WCMM also collaborates with Forum Scientum, a multi-disciplinary doctoral program of natural sciences, engineering and biomedicine. Today members from around 20 different research groups, five institutions and three campuses are part of the network. The idea is also to prepare the students for a professional career, for example by arranging courses and events to increase proficiency within the research area of the individual student and transcend disciplinary boundaries and equip students with skills attractive to future employers.

Neck-breaking research

Last year, professor of organic electronics Magnus Berggren was awarded SEK 15 million as a Wallenberg Scholar, and he could spend the money on the research of his choice. “We usually talk about ground-breaking research, but now we can devote ourselves to neck-breaking research,” said Berggren after the announcement. Ground-breaking sounds too frivolous he said. During the last couple of years he and his team have made several breakthroughs.

Magnus Berggren

Magnus Berggren. Photo: Sverker Johansson

 

For example they have developed the first chemical chip, which has gained a lot of international attention and has led to new collaborative research projects. Charge carriers in the chip consist of chemical substances with different functions and this makes it possible to control and regulate the signal pathways of cells in the body. Berggren and his team are now looking into the field of bioelectronics. “Within a few years our chemical circuits will be more rapid than the nervous system,” he says.

AI for medical imaging

The Center for Medical Image Science and Visualization (CMIV) is world renowned and at the forefront in its field. Like many other centers it performs multidisciplinary research and its mission is to develop future methods and tools for image analysis and visualization for applications within healthcare and medical research. Earlier this year the center and its collaborators received a 10 million SEK funding from VINNOVA in order to establish a national arena for research and innovation within artificial intelligence, AI, for medical image analysis. The aim is to create a. national resource for large scale analytical image diagnostics, called Artificial Imaging Diagnostics Arena (AIDA).

CMIV

CMIV

”AI gives us completely new possibilities and it is a very powerful technique, but so far it has not lead to so much practical use in the healthcare. It is a large gap to overcome in order to make it work in a clinical environment. AIDA has a unique setup where we gather academia, healthcare and industry in the same place and make a collaboration work in practice. My expectation is that this project will benefit the healthcare,” says Claes Lundström, docent at CMIV, head of research at Sectra who participates in the project and head of AIDA.

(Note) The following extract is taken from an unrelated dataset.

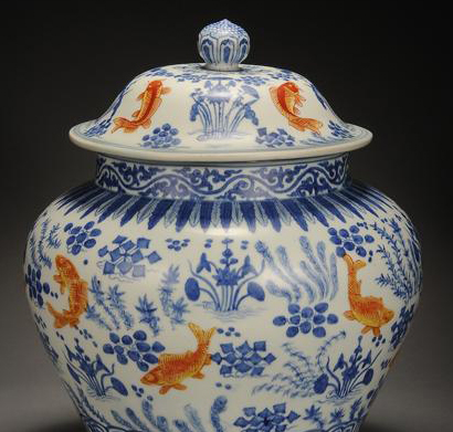 时至嘉靖朝,青花五彩于一朝间从面貌到韵味都发生了一次巨大的变化,仅以嘉靖青花五彩鱼藻纹盖罐为例,竟判若云泥。一取典雅,以极淡雅之青花为主,矾红色的游鱼并不刻意夸张;一取浓艳,青花发色浓艳并加添绿、黄、红釉之诸般水藻纹。同时,两者虽都刻画有非常写实的红鲤鱼,可是前者以三层水草、水藻、束莲为主,鱼游其间,动静相宜;后者下部为水草、荷叶、莲花散布,上部藻类、落花散落星罗,鱼则极夸张,硕大而略显笨拙,更添加俯视效果图者,遂使画面之完整与透视感均显杂乱。但两者相加,全球传世真品仅见7件。国内一件藏于故宫博物院,一件藏于国家博物馆,一件藏于首都博物馆,一件藏于天津博物馆,海外除英国一件外,另两件原为“暂得楼”旧藏。

3 X Life science companies

AddBIO develops solutions to solve weak bone problems in the implant industry. Zolidd is a proprietary bioactive nanolayer with a bone-strengthening drug. When the implant with Zolidd on is inserted into bone, the drug is made available to the bone surrounding the implant. The company was founded in 2008.

AMRA is a digital health company and the first in the world to transform images from a rapid, 6-minute whole body MRI scan into precise, 3D-volumetric fat and muscle measurements.

Sectra develops IT solutions and services for storing, viewing and working with medical images. It has its roots in Linköping university and had its first assignments in the 1970s. Today it has subsidiaries in 15 countries. The Group’s sales surpassed SEK 1 billion for the first time in 2015/2016. Thanks to its long-term private and institutional owners, Sectra has been able to develop at a controlled pace and remain a Swedish company.